▸ EXERCISE DIRECTIONS
If a record contains a picture, drop the picture and copy everything else exactly.

▸ DATA RECORDS
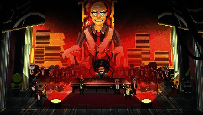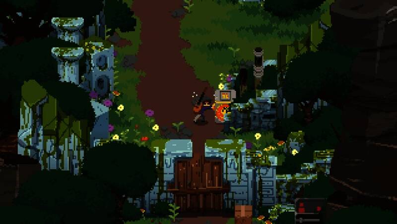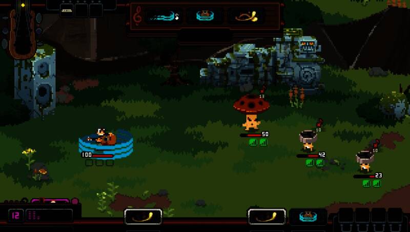 在画面表现方面,《Fretless-The Wrath of Riffson》同样令人惊艳。场景设计中,岩石随节拍震动、植物化作音符跳跃,生物群落以霓虹色块区分,如电子乐区的荧光像素、民谣区的暖色调,营造出极具音乐氛围的奇幻世界。战斗特效方面,电吉他攻击释放电流波纹,鼓点爆炸伴随粒子扩散,Boss战加入镜头抖动与复古滤镜,强化节奏张力。角色造型则融合蒸汽朋克与金属美学,如机械齿轮镶嵌的贝斯、扬声器组成的怪物躯体,呈现“可交互的像素交响乐”。
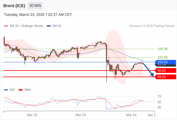 交易策略: 在 100.50 之下,看跌,目标价位为 96.80 ,然后为 94.00 。
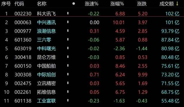 兩市成交額連續(xù)5日突破1萬億,繼續(xù)集中在AI,中興通訊尾盤放量漲停
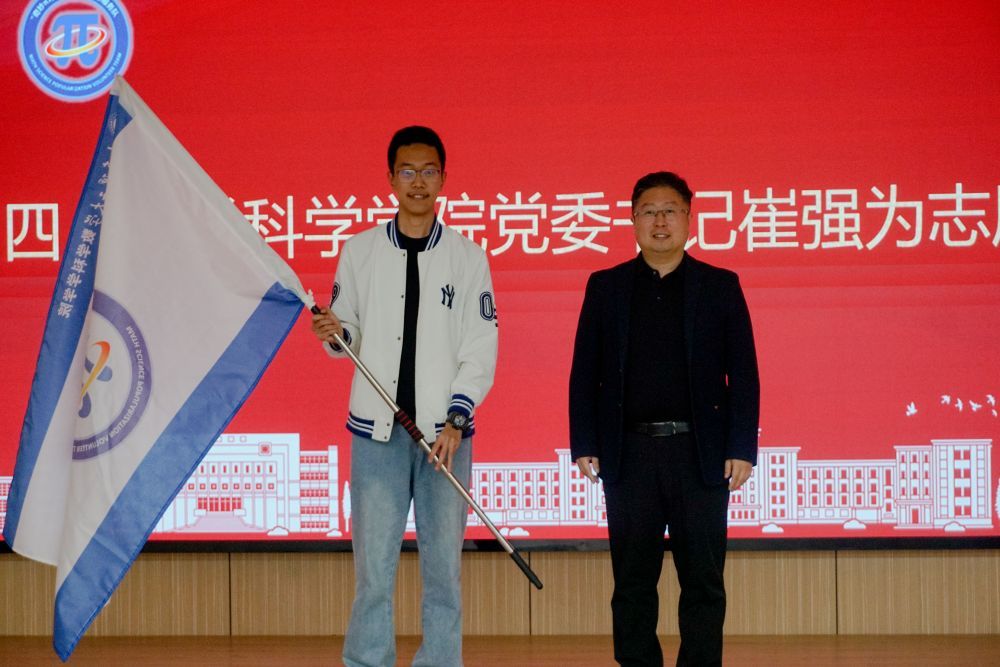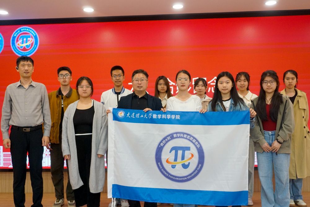 学院党委书记崔强为志愿服务队授旗并在致辞中高度肯定了服务队的创新意义,并寄语全队成员:“希望大家能够坚定信念,以‘π’的无限精神探索科普路径,将对于数学的兴趣埋在小学生的心灵中,为他们插上理想的翅膀,展翅翱翔,用数学智慧服务社会,展现大工学子的风采。”他强调,科普是一件非常有意义的事情,志愿服务更是高校育人的重要载体,学院将全力支持服务队建设。
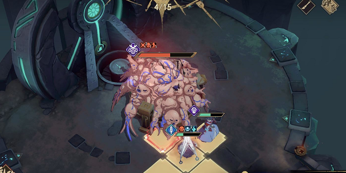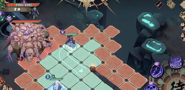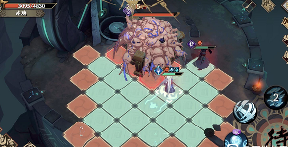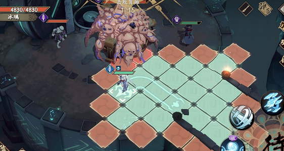 第二回合双方不得靠近一格范围,冰璃先利用再动技能给boss施加debuff
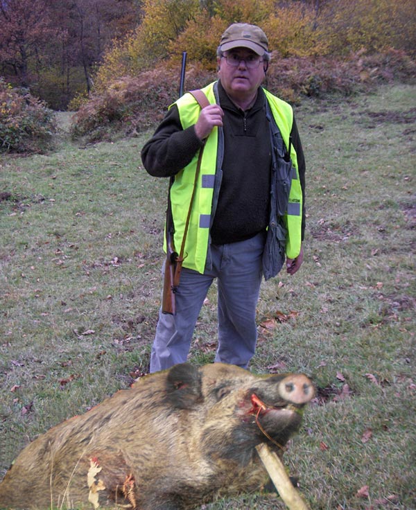 Los perros también llevaron otro jabalí hasta los puestos donde se encontraban Angel, el gasolineru de Potes, y un trozo más arriba Ramón Gaipo. Angel le tuvo en la mira, pero pensó que Ramón le podía tirar mejor que él. A Ramón le pareció lo contrario y tampoco le tiró, total que el marrano se marchó entre uno y otro y seguro que aún se está riendo de los dos cazadores.

▸ ANSWER
 在画面表现方面,《Fretless-The Wrath of Riffson》同样令人惊艳。场景设计中,岩石随节拍震动、植物化作音符跳跃,生物群落以霓虹色块区分,如电子乐区的荧光像素、民谣区的暖色调,营造出极具音乐氛围的奇幻世界。战斗特效方面,电吉他攻击释放电流波纹,鼓点爆炸伴随粒子扩散,Boss战加入镜头抖动与复古滤镜,强化节奏张力。角色造型则融合蒸汽朋克与金属美学,如机械齿轮镶嵌的贝斯、扬声器组成的怪物躯体,呈现“可交互的像素交响乐”。
 交易策略: 在 100.50 之下,看跌,目标价位为 96.80 ,然后为 94.00 。
 兩市成交額連續(xù)5日突破1萬億,繼續(xù)集中在AI,中興通訊尾盤放量漲停
 学院党委书记崔强为志愿服务队授旗并在致辞中高度肯定了服务队的创新意义,并寄语全队成员:“希望大家能够坚定信念,以‘π’的无限精神探索科普路径,将对于数学的兴趣埋在小学生的心灵中,为他们插上理想的翅膀,展翅翱翔,用数学智慧服务社会,展现大工学子的风采。”他强调,科普是一件非常有意义的事情,志愿服务更是高校育人的重要载体,学院将全力支持服务队建设。
 第二回合双方不得靠近一格范围,冰璃先利用再动技能给boss施加debuff
 Los perros también llevaron otro jabalí hasta los puestos donde se encontraban Angel, el gasolineru de Potes, y un trozo más arriba Ramón Gaipo. Angel le tuvo en la mira, pero pensó que Ramón le podía tirar mejor que él. A Ramón le pareció lo contrario y tampoco le tiró, total que el marrano se marchó entre uno y otro y seguro que aún se está riendo de los dos cazadores.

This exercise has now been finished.